++++ SOURCE INFORMATION

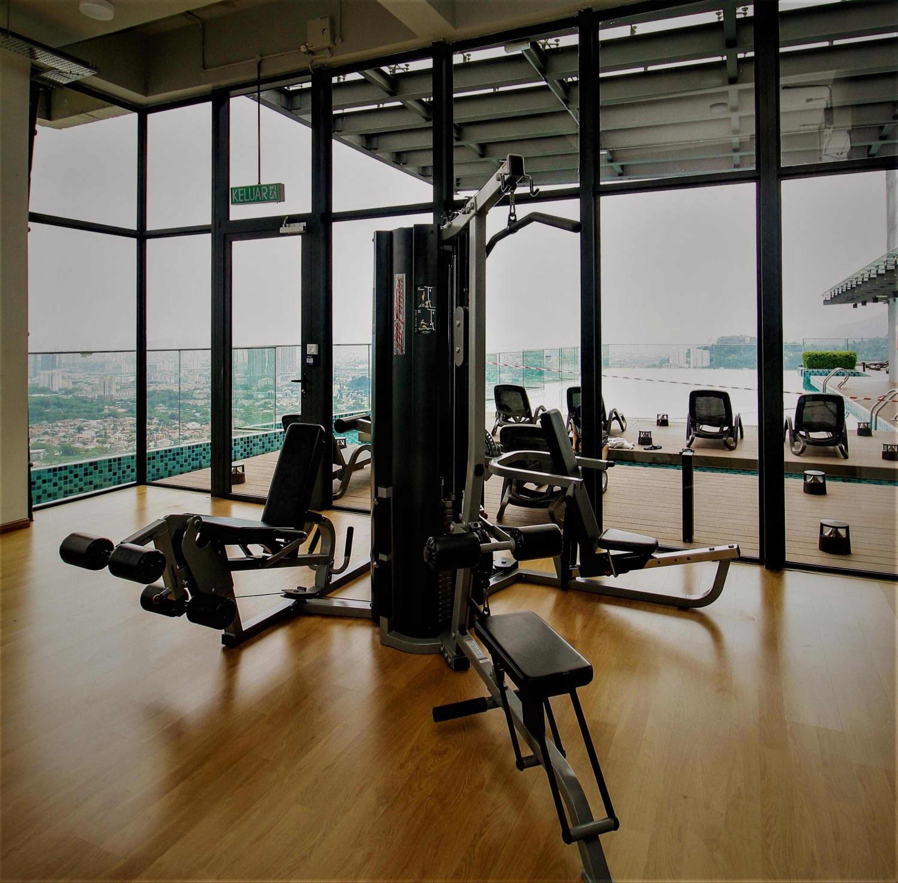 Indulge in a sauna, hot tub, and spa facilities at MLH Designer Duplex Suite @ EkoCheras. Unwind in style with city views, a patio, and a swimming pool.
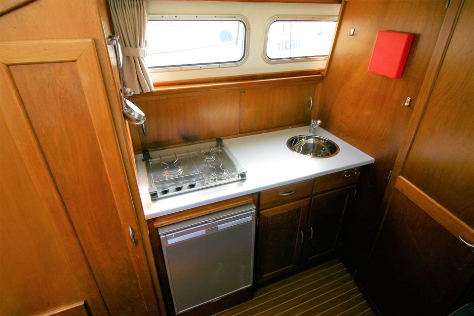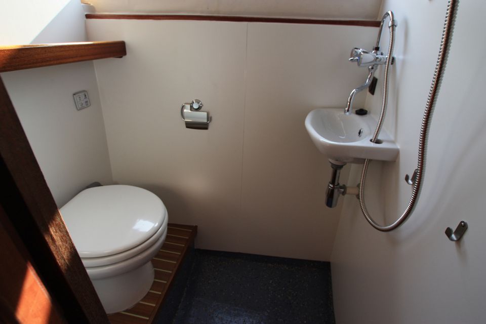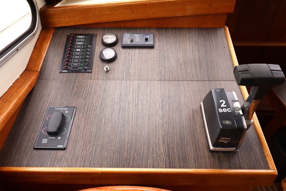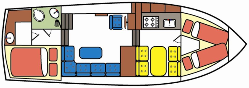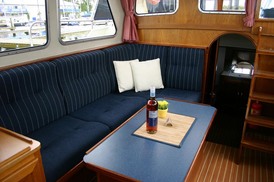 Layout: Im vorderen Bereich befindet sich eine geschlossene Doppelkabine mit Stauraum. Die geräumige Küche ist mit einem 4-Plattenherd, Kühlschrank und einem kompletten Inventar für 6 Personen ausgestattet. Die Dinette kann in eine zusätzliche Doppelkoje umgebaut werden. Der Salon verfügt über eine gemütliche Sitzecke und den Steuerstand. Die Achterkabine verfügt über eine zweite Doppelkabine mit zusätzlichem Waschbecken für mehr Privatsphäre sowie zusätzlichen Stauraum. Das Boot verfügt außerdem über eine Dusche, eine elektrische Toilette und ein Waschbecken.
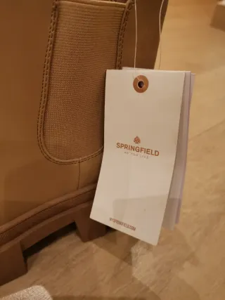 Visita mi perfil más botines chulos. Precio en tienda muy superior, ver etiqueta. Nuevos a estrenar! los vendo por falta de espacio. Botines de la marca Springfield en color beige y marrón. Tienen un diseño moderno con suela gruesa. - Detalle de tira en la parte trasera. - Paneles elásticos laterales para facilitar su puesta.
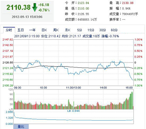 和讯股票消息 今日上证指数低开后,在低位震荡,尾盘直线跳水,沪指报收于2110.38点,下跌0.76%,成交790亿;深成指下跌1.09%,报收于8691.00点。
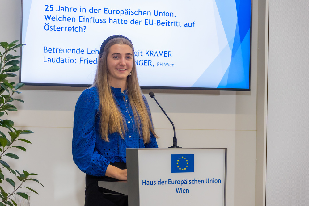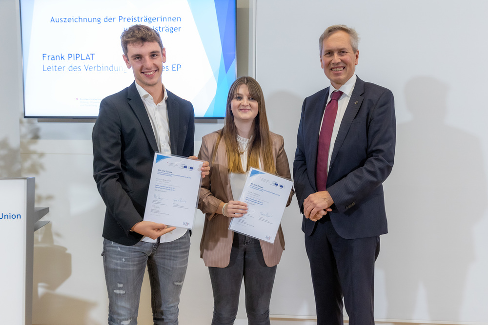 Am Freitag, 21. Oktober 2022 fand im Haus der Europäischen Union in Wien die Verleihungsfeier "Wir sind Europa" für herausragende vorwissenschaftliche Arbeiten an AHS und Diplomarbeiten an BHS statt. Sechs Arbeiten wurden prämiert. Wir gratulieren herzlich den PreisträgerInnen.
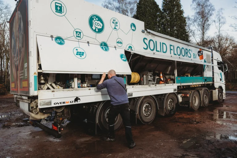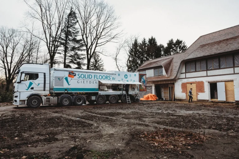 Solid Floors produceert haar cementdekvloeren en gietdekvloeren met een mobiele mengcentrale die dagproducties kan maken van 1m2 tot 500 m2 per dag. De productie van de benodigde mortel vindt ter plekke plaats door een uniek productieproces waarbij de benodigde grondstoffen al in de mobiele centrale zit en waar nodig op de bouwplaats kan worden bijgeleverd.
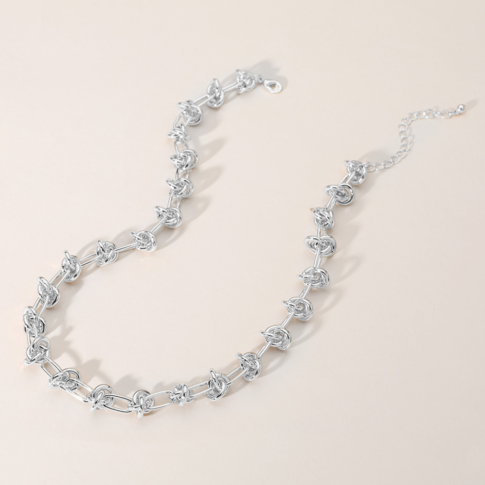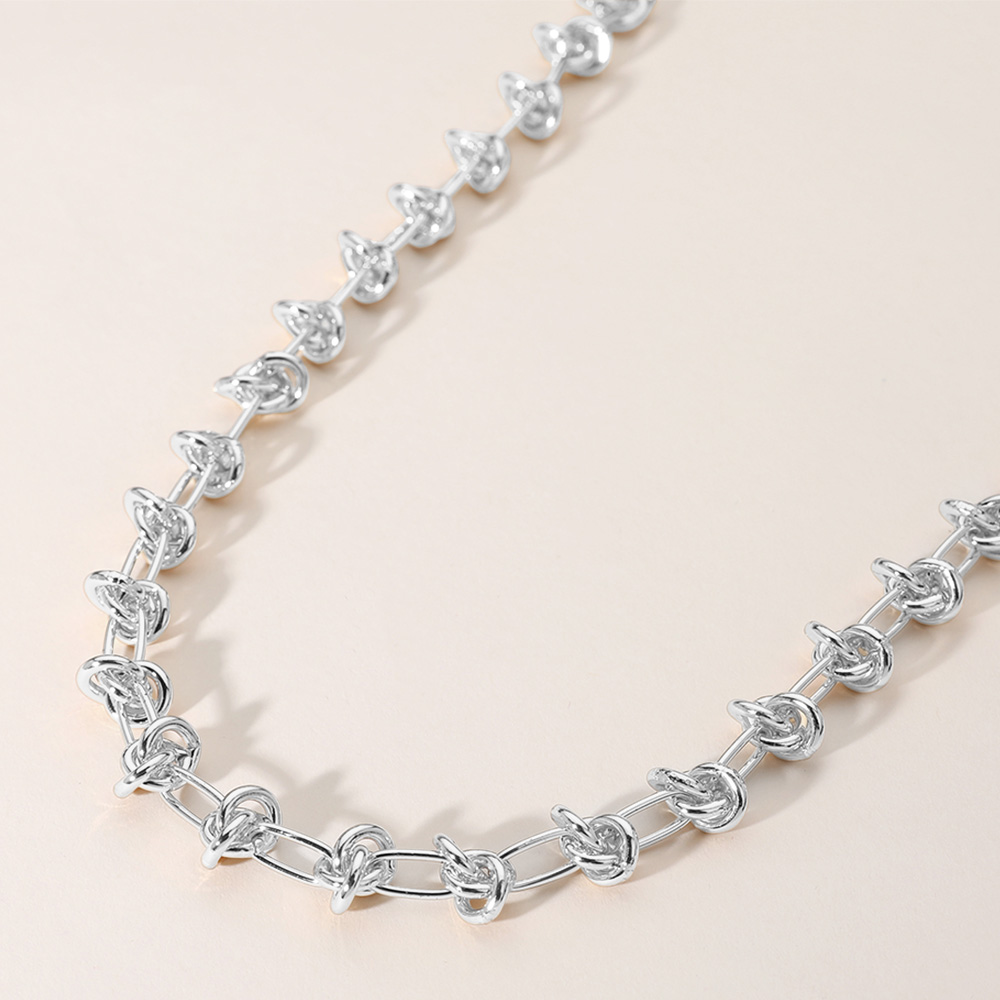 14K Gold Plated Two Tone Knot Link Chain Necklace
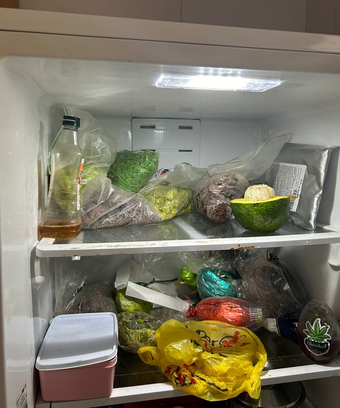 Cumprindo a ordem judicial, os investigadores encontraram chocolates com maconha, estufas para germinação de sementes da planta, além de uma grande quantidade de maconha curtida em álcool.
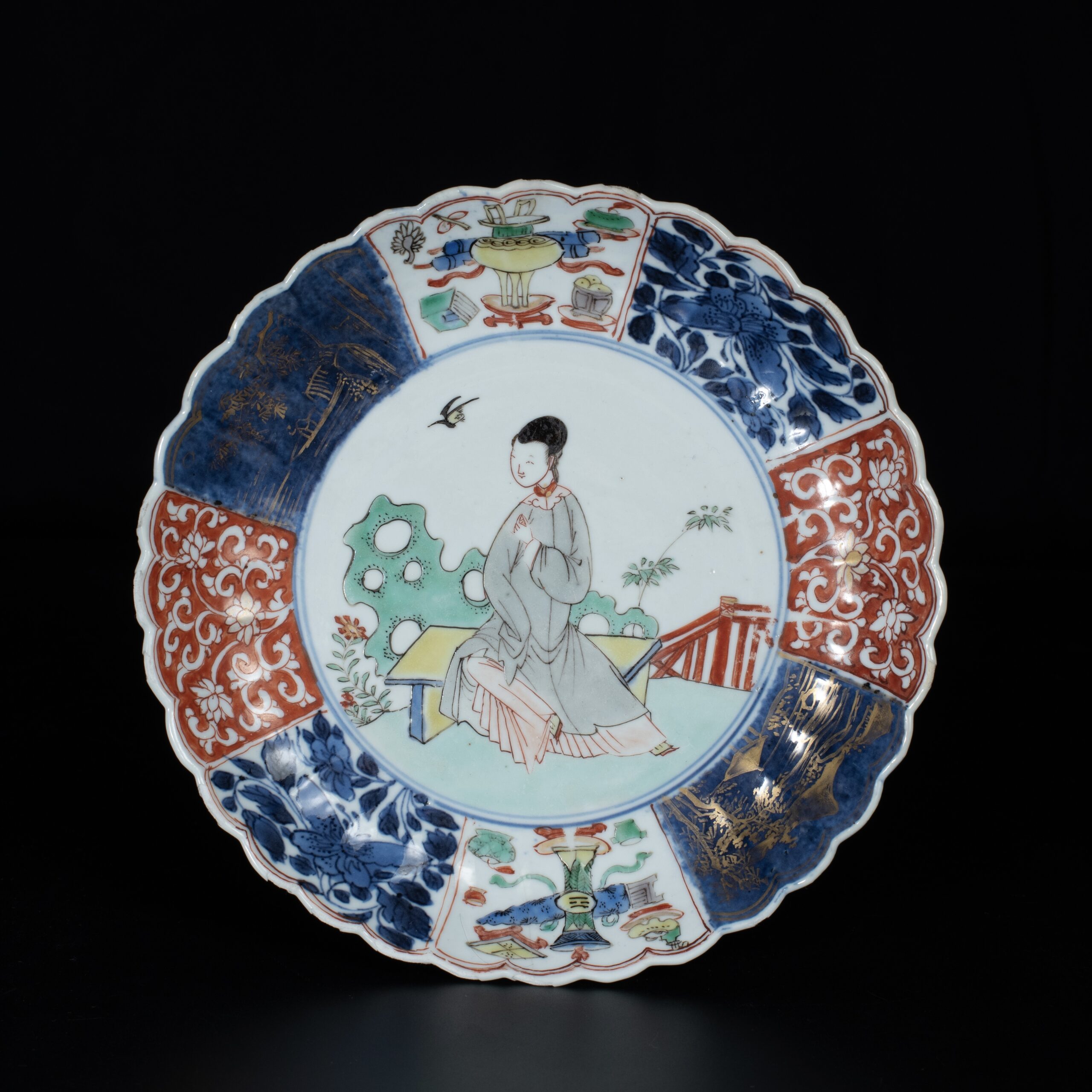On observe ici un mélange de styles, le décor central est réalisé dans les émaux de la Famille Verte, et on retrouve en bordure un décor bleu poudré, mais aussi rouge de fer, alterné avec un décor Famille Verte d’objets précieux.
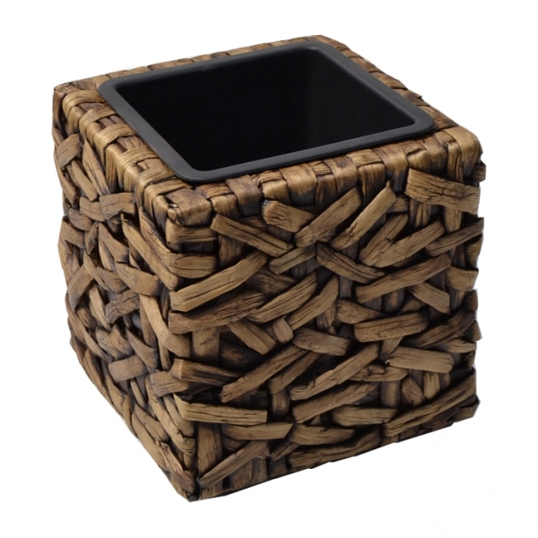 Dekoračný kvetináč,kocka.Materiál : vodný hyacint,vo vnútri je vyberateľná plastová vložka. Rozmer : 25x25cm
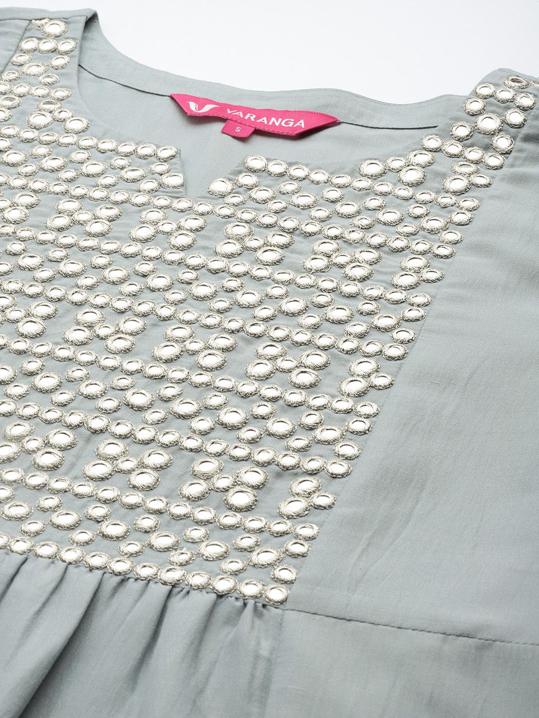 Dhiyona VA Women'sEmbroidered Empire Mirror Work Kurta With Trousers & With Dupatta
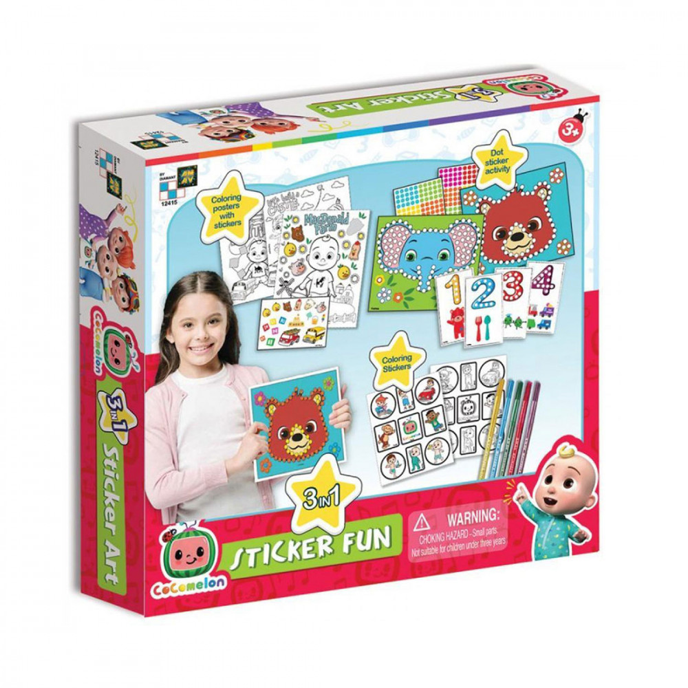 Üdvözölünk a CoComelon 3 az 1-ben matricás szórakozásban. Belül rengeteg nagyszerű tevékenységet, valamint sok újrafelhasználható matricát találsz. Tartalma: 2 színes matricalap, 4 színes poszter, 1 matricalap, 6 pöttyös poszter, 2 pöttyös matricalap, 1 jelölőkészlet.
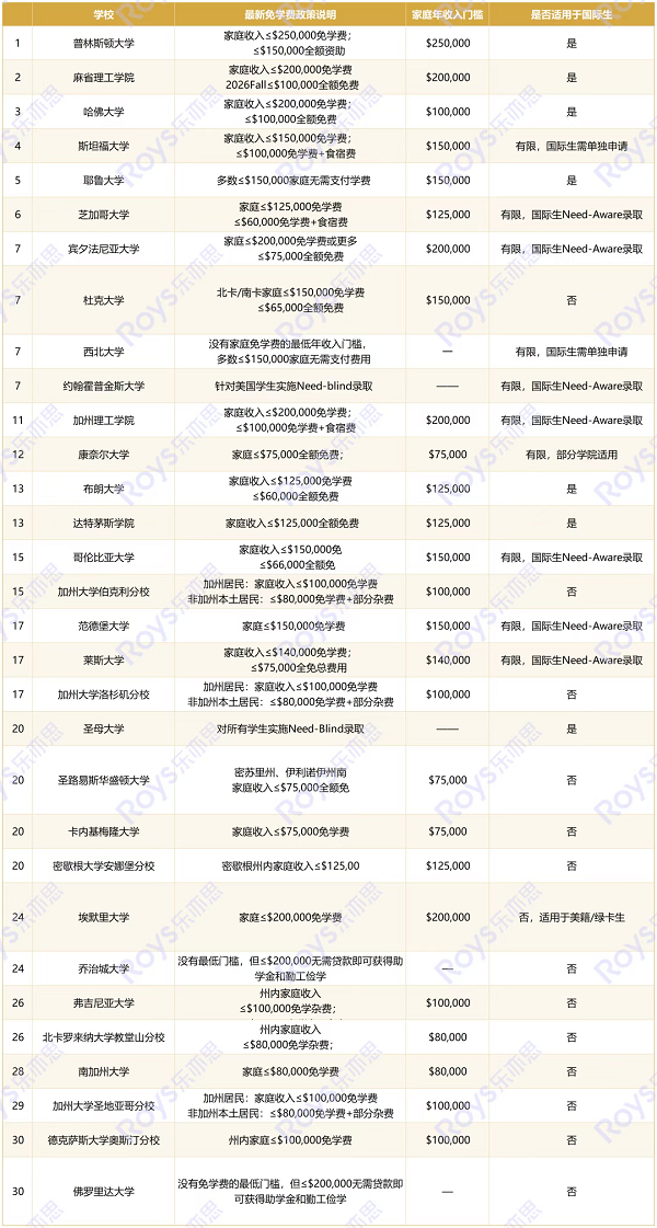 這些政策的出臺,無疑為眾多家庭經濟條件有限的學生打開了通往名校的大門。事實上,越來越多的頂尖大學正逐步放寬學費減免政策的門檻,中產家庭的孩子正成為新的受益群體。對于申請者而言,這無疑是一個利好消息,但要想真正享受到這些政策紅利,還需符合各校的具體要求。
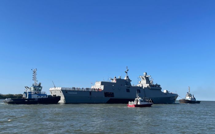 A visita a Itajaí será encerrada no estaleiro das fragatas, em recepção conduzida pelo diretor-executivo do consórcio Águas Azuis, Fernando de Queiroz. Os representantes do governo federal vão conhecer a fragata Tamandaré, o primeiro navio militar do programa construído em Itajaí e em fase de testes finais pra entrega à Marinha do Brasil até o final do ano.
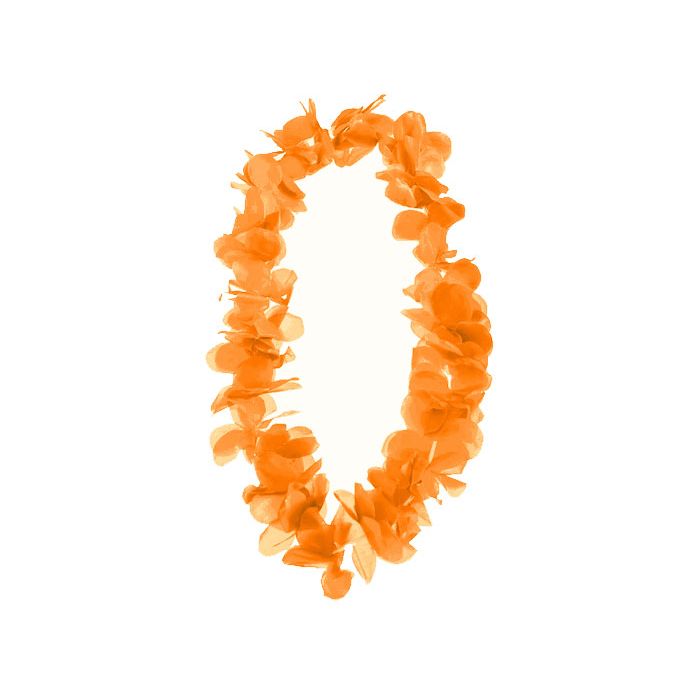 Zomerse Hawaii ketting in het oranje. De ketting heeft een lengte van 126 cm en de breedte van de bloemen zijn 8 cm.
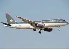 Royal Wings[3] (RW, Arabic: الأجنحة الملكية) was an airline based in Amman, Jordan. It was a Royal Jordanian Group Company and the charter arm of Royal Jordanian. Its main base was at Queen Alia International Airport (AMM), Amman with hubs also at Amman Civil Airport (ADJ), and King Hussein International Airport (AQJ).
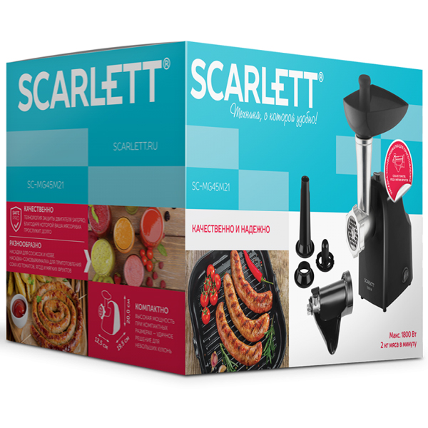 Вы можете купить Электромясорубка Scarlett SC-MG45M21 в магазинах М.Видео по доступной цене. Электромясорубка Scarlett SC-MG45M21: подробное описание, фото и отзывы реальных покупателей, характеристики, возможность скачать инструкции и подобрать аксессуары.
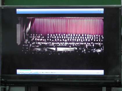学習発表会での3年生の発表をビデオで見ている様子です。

++++++++

_EXERCISE REQUIREMENTS:_ An exact transcription of the data above is needed, without the pictures.

_EXPECTED ANSWER:_
 Indulge in a sauna, hot tub, and spa facilities at MLH Designer Duplex Suite @ EkoCheras. Unwind in style with city views, a patio, and a swimming pool.
 Layout: Im vorderen Bereich befindet sich eine geschlossene Doppelkabine mit Stauraum. Die geräumige Küche ist mit einem 4-Plattenherd, Kühlschrank und einem kompletten Inventar für 6 Personen ausgestattet. Die Dinette kann in eine zusätzliche Doppelkoje umgebaut werden. Der Salon verfügt über eine gemütliche Sitzecke und den Steuerstand. Die Achterkabine verfügt über eine zweite Doppelkabine mit zusätzlichem Waschbecken für mehr Privatsphäre sowie zusätzlichen Stauraum. Das Boot verfügt außerdem über eine Dusche, eine elektrische Toilette und ein Waschbecken.
 Visita mi perfil más botines chulos. Precio en tienda muy superior, ver etiqueta. Nuevos a estrenar! los vendo por falta de espacio. Botines de la marca Springfield en color beige y marrón. Tienen un diseño moderno con suela gruesa. - Detalle de tira en la parte trasera. - Paneles elásticos laterales para facilitar su puesta.
 和讯股票消息 今日上证指数低开后,在低位震荡,尾盘直线跳水,沪指报收于2110.38点,下跌0.76%,成交790亿;深成指下跌1.09%,报收于8691.00点。
 Am Freitag, 21. Oktober 2022 fand im Haus der Europäischen Union in Wien die Verleihungsfeier "Wir sind Europa" für herausragende vorwissenschaftliche Arbeiten an AHS und Diplomarbeiten an BHS statt. Sechs Arbeiten wurden prämiert. Wir gratulieren herzlich den PreisträgerInnen.
 Solid Floors produceert haar cementdekvloeren en gietdekvloeren met een mobiele mengcentrale die dagproducties kan maken van 1m2 tot 500 m2 per dag. De productie van de benodigde mortel vindt ter plekke plaats door een uniek productieproces waarbij de benodigde grondstoffen al in de mobiele centrale zit en waar nodig op de bouwplaats kan worden bijgeleverd.
 14K Gold Plated Two Tone Knot Link Chain Necklace
 Cumprindo a ordem judicial, os investigadores encontraram chocolates com maconha, estufas para germinação de sementes da planta, além de uma grande quantidade de maconha curtida em álcool.
On observe ici un mélange de styles, le décor central est réalisé dans les émaux de la Famille Verte, et on retrouve en bordure un décor bleu poudré, mais aussi rouge de fer, alterné avec un décor Famille Verte d’objets précieux.
 Dekoračný kvetináč,kocka.Materiál : vodný hyacint,vo vnútri je vyberateľná plastová vložka. Rozmer : 25x25cm
 Dhiyona VA Women'sEmbroidered Empire Mirror Work Kurta With Trousers & With Dupatta
 Üdvözölünk a CoComelon 3 az 1-ben matricás szórakozásban. Belül rengeteg nagyszerű tevékenységet, valamint sok újrafelhasználható matricát találsz. Tartalma: 2 színes matricalap, 4 színes poszter, 1 matricalap, 6 pöttyös poszter, 2 pöttyös matricalap, 1 jelölőkészlet.
 這些政策的出臺,無疑為眾多家庭經濟條件有限的學生打開了通往名校的大門。事實上,越來越多的頂尖大學正逐步放寬學費減免政策的門檻,中產家庭的孩子正成為新的受益群體。對于申請者而言,這無疑是一個利好消息,但要想真正享受到這些政策紅利,還需符合各校的具體要求。
 A visita a Itajaí será encerrada no estaleiro das fragatas, em recepção conduzida pelo diretor-executivo do consórcio Águas Azuis, Fernando de Queiroz. Os representantes do governo federal vão conhecer a fragata Tamandaré, o primeiro navio militar do programa construído em Itajaí e em fase de testes finais pra entrega à Marinha do Brasil até o final do ano.
 Zomerse Hawaii ketting in het oranje. De ketting heeft een lengte van 126 cm en de breedte van de bloemen zijn 8 cm.
 Royal Wings[3] (RW, Arabic: الأجنحة الملكية) was an airline based in Amman, Jordan. It was a Royal Jordanian Group Company and the charter arm of Royal Jordanian. Its main base was at Queen Alia International Airport (AMM), Amman with hubs also at Amman Civil Airport (ADJ), and King Hussein International Airport (AQJ).
 Вы можете купить Электромясорубка Scarlett SC-MG45M21 в магазинах М.Видео по доступной цене. Электромясорубка Scarlett SC-MG45M21: подробное описание, фото и отзывы реальных покупателей, характеристики, возможность скачать инструкции и подобрать аксессуары.
学習発表会での3年生の発表をビデオで見ている様子です。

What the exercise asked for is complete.